Today the Court strikes down as inadequate the most generous set of procedural protections ever afforded aliens detained by this country as enemy combatants. The political branches crafted these procedures amidst an ongoing military conflict, after much careful investigation and thorough debate. The Court rejects them today out of hand, without bothering to say what due process rights the detainees possess, without explaining how the statute fails to vindicate those rights, and before a single petitioner has even attempted to avail himself of the law’s operation. And to what effect? The majority merely replaces a review system designed by the people’s representatives with a set of shapeless procedures to be defined by federal courts at some future date.
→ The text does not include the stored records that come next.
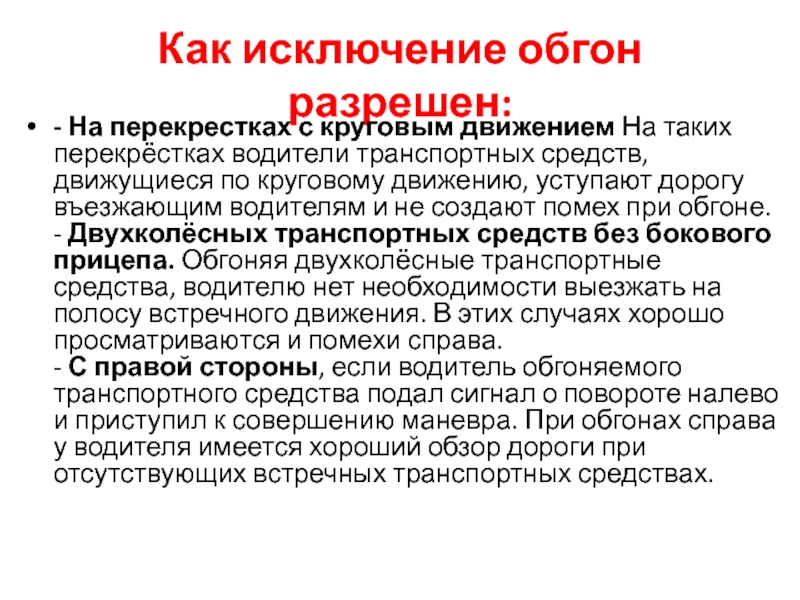 обгон, создаёт помехи для движущихся справа транспортных средств. Выполняется такой
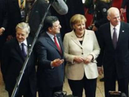 La zona euro prometió ayer una respuesta "decidida y coordinada" en apoyo de Grecia si la situación financiera del país llega a amenazar la estabilidad de la Unión Monetaria. A cambio, se exige a Atenas un recorte del déficit público más drástico de lo previsto y se ponen sus cuentas bajo la vigilancia del BCE y de expertos del FMI.
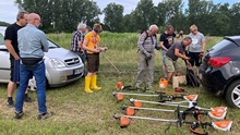 Vogelschützer inspizieren Vereinsgrundstücke.
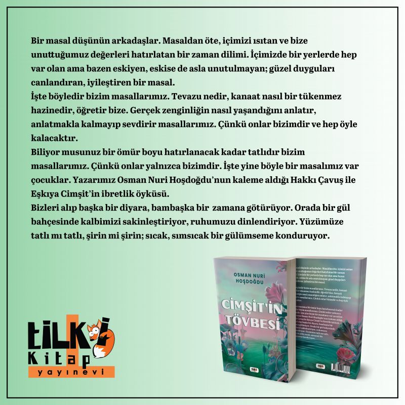 Biliyor musunuz bir ömür boyu hatırlanacak kadar tatlıdır bizim masallarımız. Çünkü onlar yalnızca bizimdir. İşte yine böyle bir masalımız var çocuklar. Yazarımız Osman Nuri Hoşdoğdu'nun kaleme aldığı Hakkı Çavuş ile Eşkıya Cimşit'in ibretlik öyküsü. Bizleri alıp başka bir diyara, bambaşka bir zamana götürüyor. Orada bir gül bahçesinde kalbimizi sakinleştiriyor, ruhumuzu dinlendiriyor. Yüzümüze tatlı mı tatlı, şirin mi şirin; sıcak, sımsıcak bir gülümseme konduruyor.
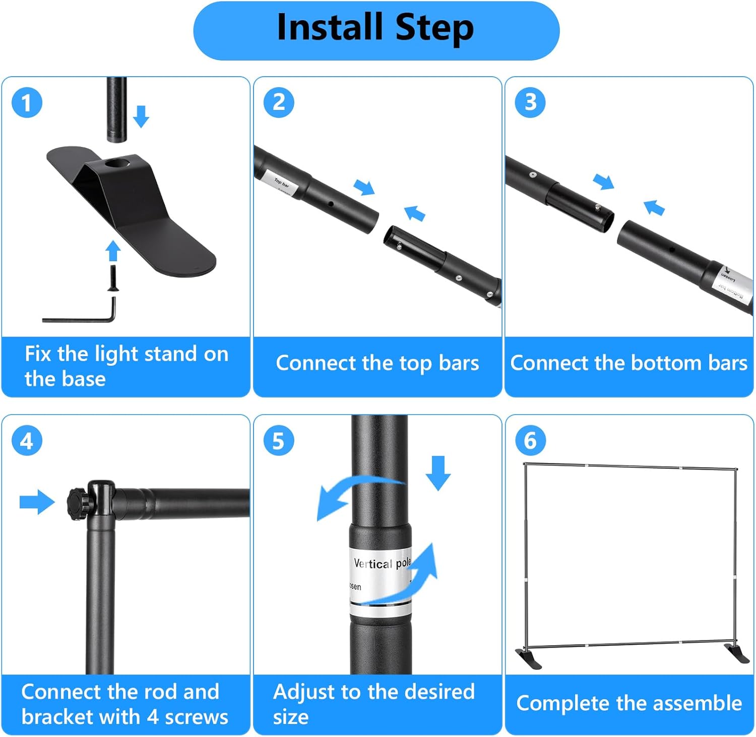 - Upgraded Heavy Metal Base/Thickened Pipe Diameter /More Stable & Wind-Proof/Adjustable Size. Suitable for meetings, photo exhibitions, local exhibitions, store promotions, photo booth backgrounds, etc. No matter you would like to use at outdoor or in office.
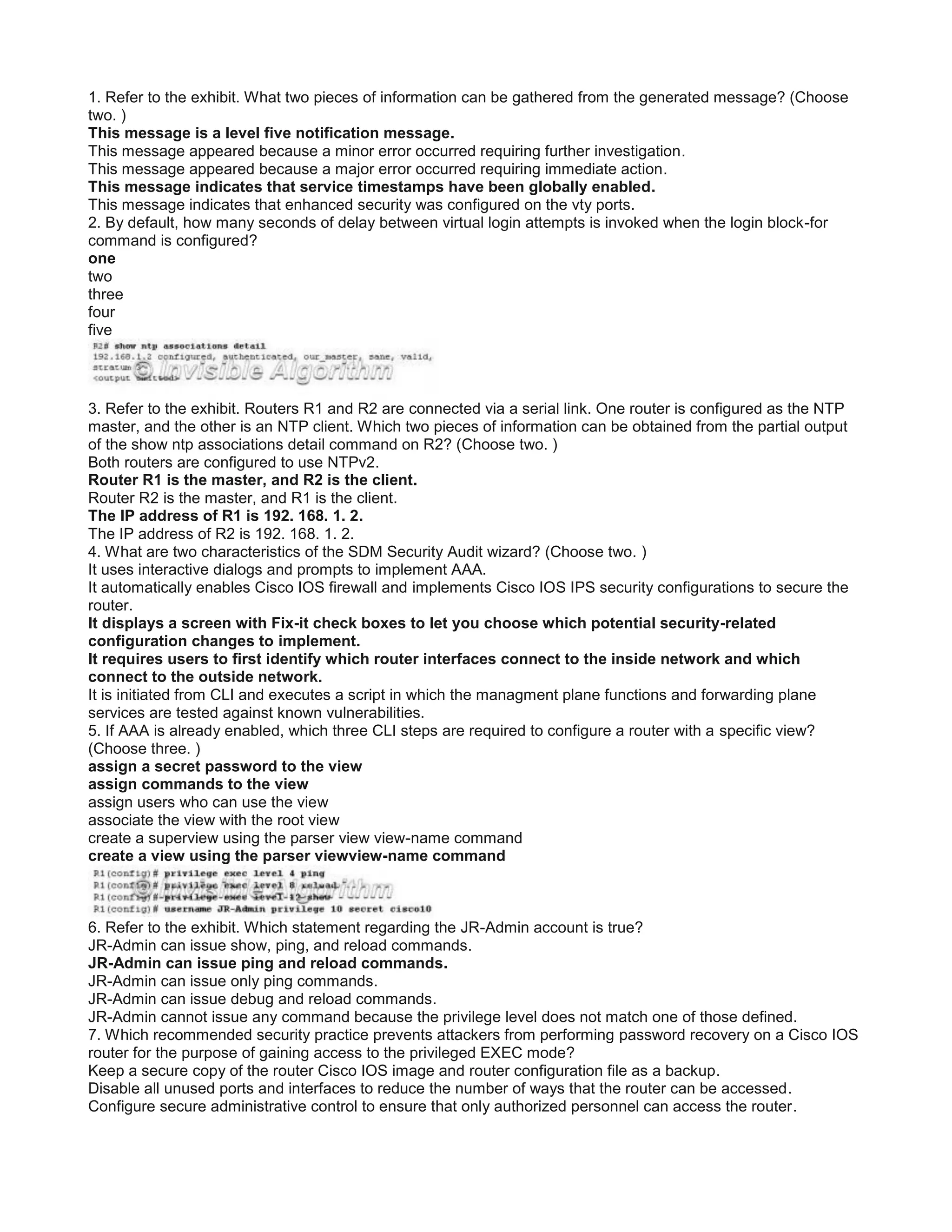 This document contains questions about router security configuration and concepts. It covers topics like AAA configuration, SSH, SNMP, SDM wizards, and Cisco IOS resilience features. The questions ask about commands, default settings, and characteristics related to securing and hardening a Cisco router.
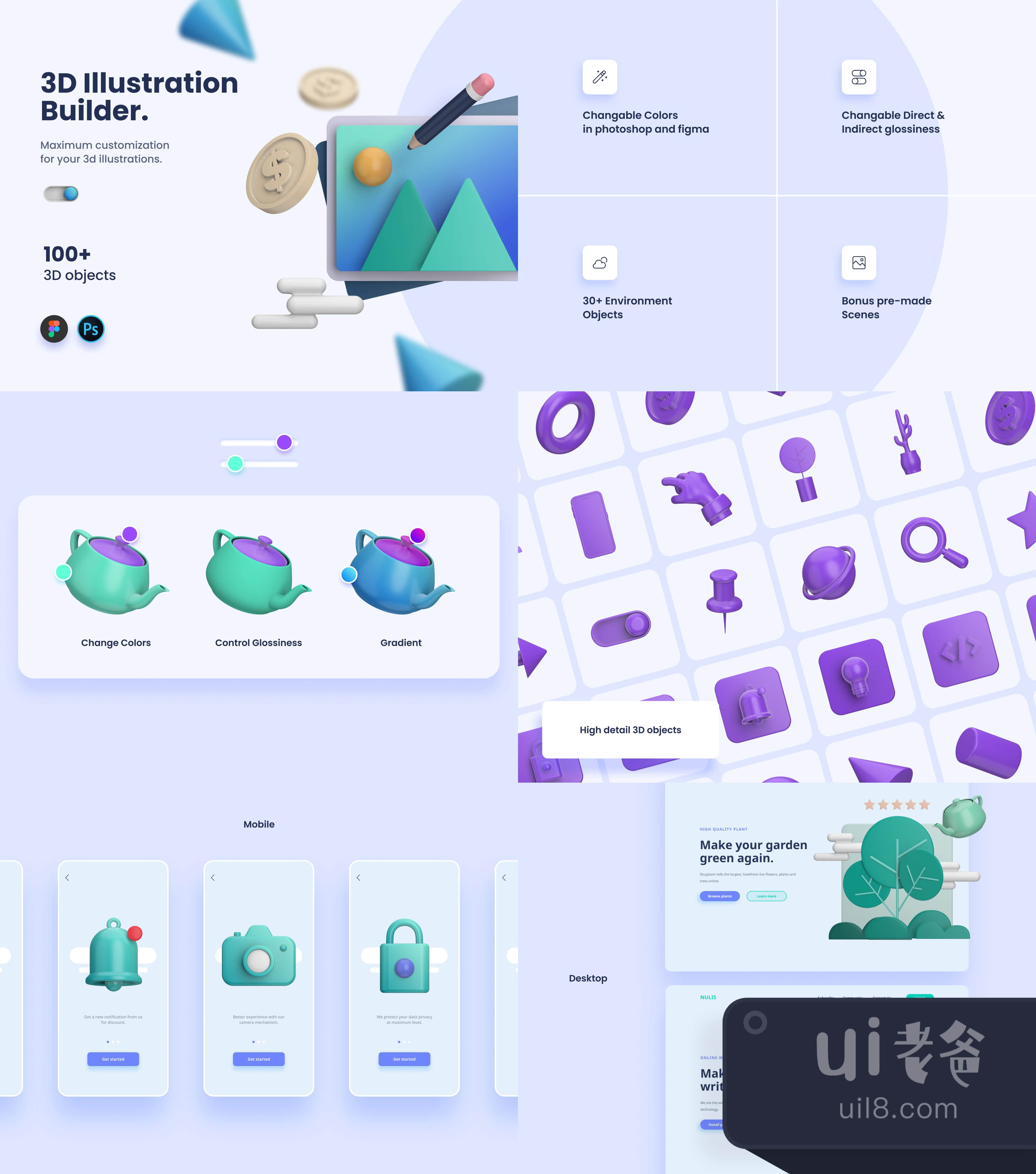 在这个软件包中,你会发现100多个独特的3D元素,你可以在figma或photoshop中通过精心组织的图层和组轻松改变颜色和光泽度。
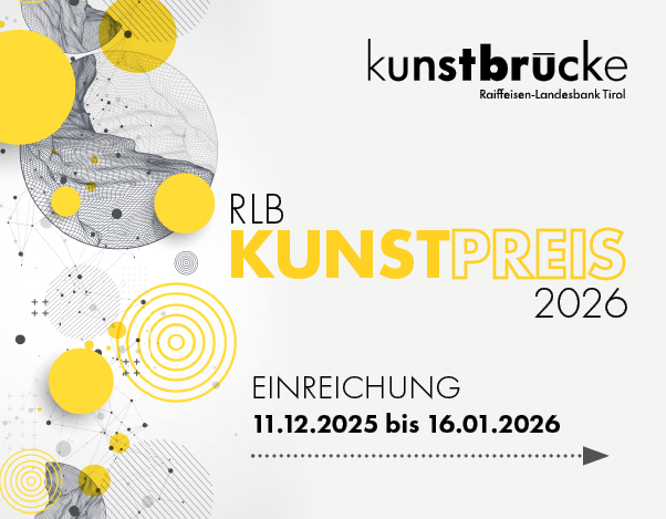 Die Raiffeisen-Landesbank Tirol AG schreibt zum zwölften Mal den RLB Kunstpreis für bildende Kunst aus – einer der höchstdotierten und renommiertesten Kunstpreise des Landes. Die Online-Einreichung läuft von 11. Dezember 2025 bis 16. Jänner 2026 unter www.kunstbruecke.at.

One cannot help but think, after surveying the modest practical results of the majority’s ambitious opinion, that this decision is not really about the detainees at all, but about control of federal policy regarding enemy combatants.

About control of federal policy. By unelected, politically unaccountable judges, whose today took control of the nation’s conduct of foreign policy even further out of the hands of the American people, writes Justice Roberts.

So who has won? Not the detainees. The Court’s analysis leaves them with only the prospect of further litigation to determine the content of their new habeas right, followed by further litigation to resolve their particular cases, followed by further litigation before the D. C. Circuit—where they could have started had they invoked the DTA procedure. Not Congress, whose attempt to “determine—through democratic means—how best” to balance the security of the American people with the detainees’ liberty interests, has been unceremoniously brushed aside.

And not the rule of law…

unless by that is meant the rule of lawyers…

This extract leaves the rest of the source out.